For people who might be interested in learning Selenium for Python, there is another notebook on the same Github repository with the code translated to this programming language.

2. Importing packages and writing a helper function

Let’s start by importing the libraries to be used in our code.

I also created a customized function called check_object that will print the class and typeof functions info, which will help us to analyze the new RSelenium objects we will find on our way.

3. First RSelenium objects: rsClientServer and remoteDriver

The next step is to create an RSelenium rsClientServer, which we will save in the computational variable called client_server. The code below will automatically open a new Chrome window and give us more information about the object we have just created.

Note that I passed a specific Chrome version as a string in the chromever argument. So, you will need to adjust it according to your reality. Some arguments in RSelenium::rsDriver() use "latest" as default value, which can cause errors if an installed version from Selenium or the chosen browser is different from the latest available version, even if it is a beta one. I experienced that issue with Chrome while finishing this article and I want you to be prepared if you wind up facing a similar obstacle.

Now it is time to save the RSelenium remoteDriver into the computational variable called driver. This object is by far the most important one in our code. As we will discover later, we will spend most of the time calling methods from the remoteDriver object to manipulate the browser and get the information we need.

4. Navigate to a new webpage

We will start by telling the remote driver to open the site https://quotes.toscrape.com/. One can do that by calling the navigate() method from the remoteDriver object and using the URL as the method argument:

After running this code, the Chrome window controlled by RSelenium will open the chosen site.

Whenever you need your code to return the current webpage URL, you can call driver$getCurrentUrl(). And if you want to work with a maximized browser window, just call driver$maxWindowSize().

Here I would like to make a very important observation: the browser window controlled by RSelenium will close automatically if there is no new activity for a while. If that happens, you will probably have to run the code below in order to free the port you last used in your RSelenium program. I found this line of code on StackOverflow after facing this problem for the first fime and now I use it whenever I run into such an issue.

5. The driver$findElement() method

The first element to be manipulated will be the login link, located in the webpage upper right corner. We will do that later by calling the driver$findElement() method with its two arguments (using and value).

However, since this method is so important, let’s take a quick look at all options available to the using parameter. Running driver$findElement, without the parentheses, will return information about this method. Please note that only the first lines from the output are reproduced below.

As we can observe from the last reproduced output, the using parameter accepts one of the following strings:

  • "xpath" => find the element in the page by using the Xpath query language;
  • "css selector" => use a selector from the CSS style sheet language to find the element;
  • "id" | "name" | "class name" => these three options use respectively the id attribute, the name attribute, and the class attribute from the HTML tags to find an element in the webpage;
  • "link text" | "partial link text" => when you deal with an HTML anchor tag (example: <a>this is the link text</a>), you can find them by searching for either the partial or the complete link text.

6. Working with an RSelenium webElement

So, let’s use the Xpath to find the login link element.

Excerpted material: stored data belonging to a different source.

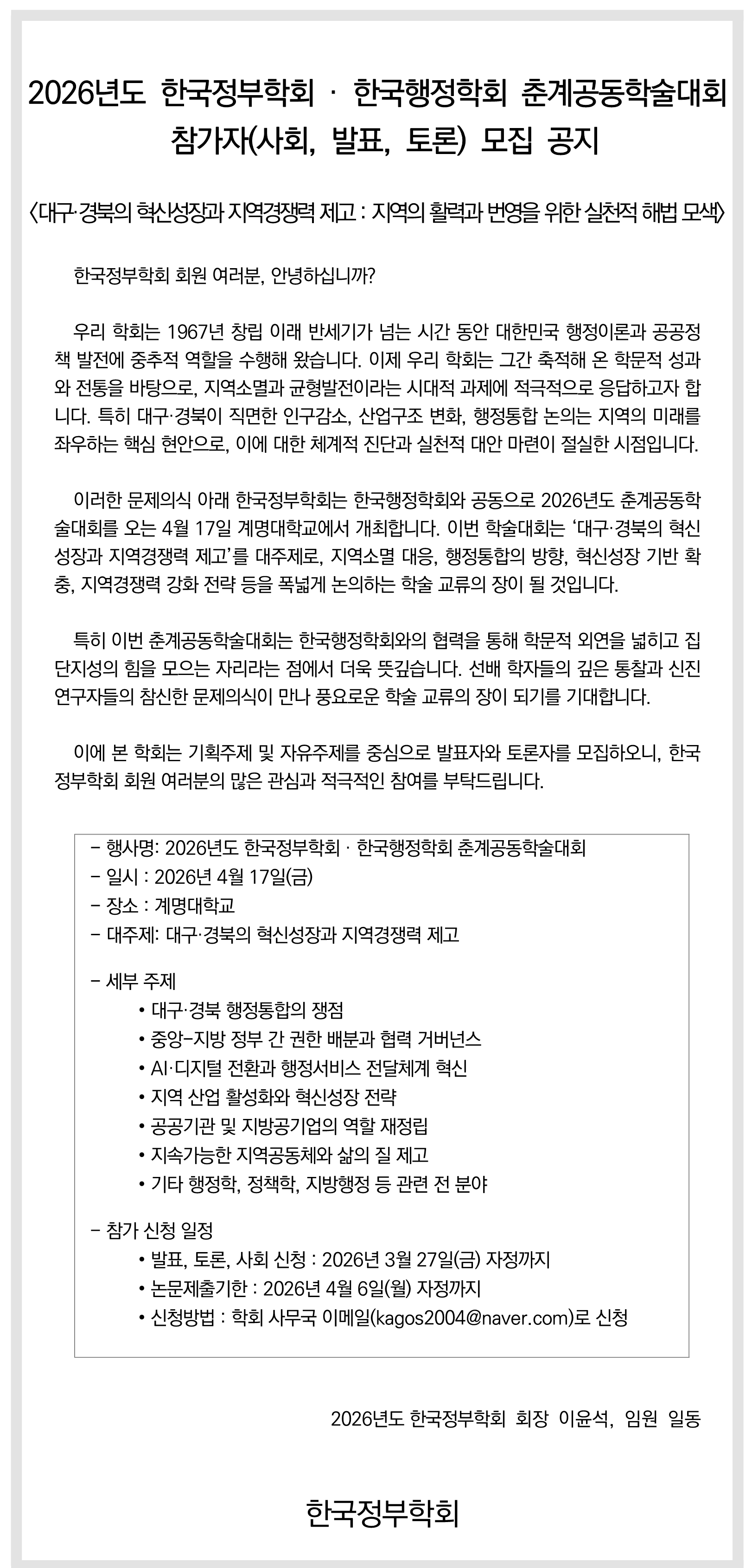 2026 한국정부학회·한국행정학회 춘계공동학술대회 참가자(사회, 발표, 토론) 모집 공지
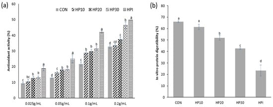 (a) ABTS radical activity (%) and (b) IVPD (%) of muffins. Different superscript letters (a–d) show significant differences (p < 0.05) within the column.
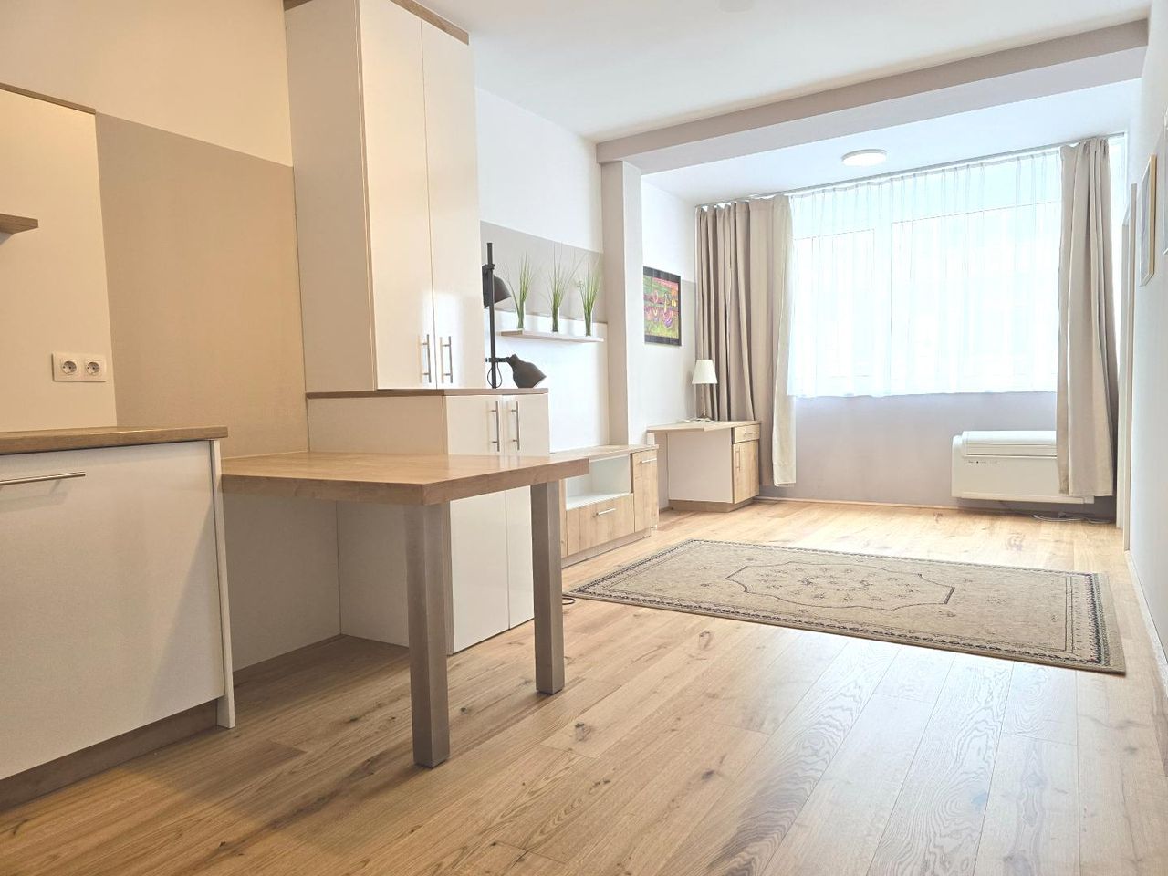 Diese komplett neu überarbeitete Neubauwohnung befindet sich im 1,5 Stockwerk in einer sehr repräsentativen Neubauliegenschaft und besticht durch ihre überaus hochwertige Ausstattung und die hervorragende, zentrumsnahe Lage. Die Wohnung besteht aus einem bestechend großzügigen Wohnzimmer, integriert ist eine moderne, komplett möblierte Marken-Einbauküche - Wohnküche, einem herrlichen Schlafzimmer, einem Badezimmer mit großer Dusche, Waschtisch und Toilette und dem Vorraum mit Garderobenbereich.
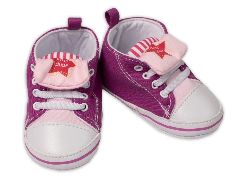 Dětské stylové moderní botičky s ozdobným přehybem Star. Roztomilé dívčí botičky ve fialové barvě.. Ideální pro každodenní styling. Spodní podrážka je měkká. Botičky jsou lehké a pohodlné. Vnitřek je podšitý bavlnou, která je pro miminka nejbezpečnější a nejšetrnější. Nazouvání je na elastickou tkaničku. Materiál: vrchnní část: 80% bavlna, 20% polyuretan podrážka: 100% polyester vnitřní část: 100% bavlna Rozměry: 3-9 měsíců - délka cca 11,5 cm. 9-15 měsíců - délka cca 13 cm.Doplňkové parametry

One can do that on Chrome by right-clicking on the login link and then choosing the inspect option. This will open the DOM panel and show its HTML code.

Now, in your browser, right-click on the HTML <a> login element (the line highlighted in blue in the image above) and then choose “Copy” and “Copy full Xpath” in the auxiliary menu. Paste the Xpath information into a string and use it inside driver$findElement(), as follow:

As one can observe, the method driver$findElement() returns an RSelenium webElement object. When saved in a computational variable like login_link, this webElement can be used to call other methods too, as shown below:

You can also click on a webElement. In the current example, this will send us to the login page.

7. Make your code take a little break with Sys.sleep()

We will manipulate this login page later. By now, let’s run the following code so that we can go back to the main page and wait for 2.5 seconds. Then we return to the login page and wait for another 2 seconds:

When we work with RSelenium, asking the program to wait a couple of seconds before moving to a new page is an excellent strategy. Actually, this additional time before moving on is almost a mandatory strategy in order to avoid errors that can crash the code.

For example, if we go to a new page and ask RSelenium to find an HTML element that has not been loaded yet, we will get a NoSuchElement Error. And if that happens during a long loop and a lot of data has already been scraped, all the effort done by then might get lost. Thus, waiting a few seconds is a more preferable approach. You could also use try() and tryCatch() statements so that your code can be prepared for some of the most common errors before they occur.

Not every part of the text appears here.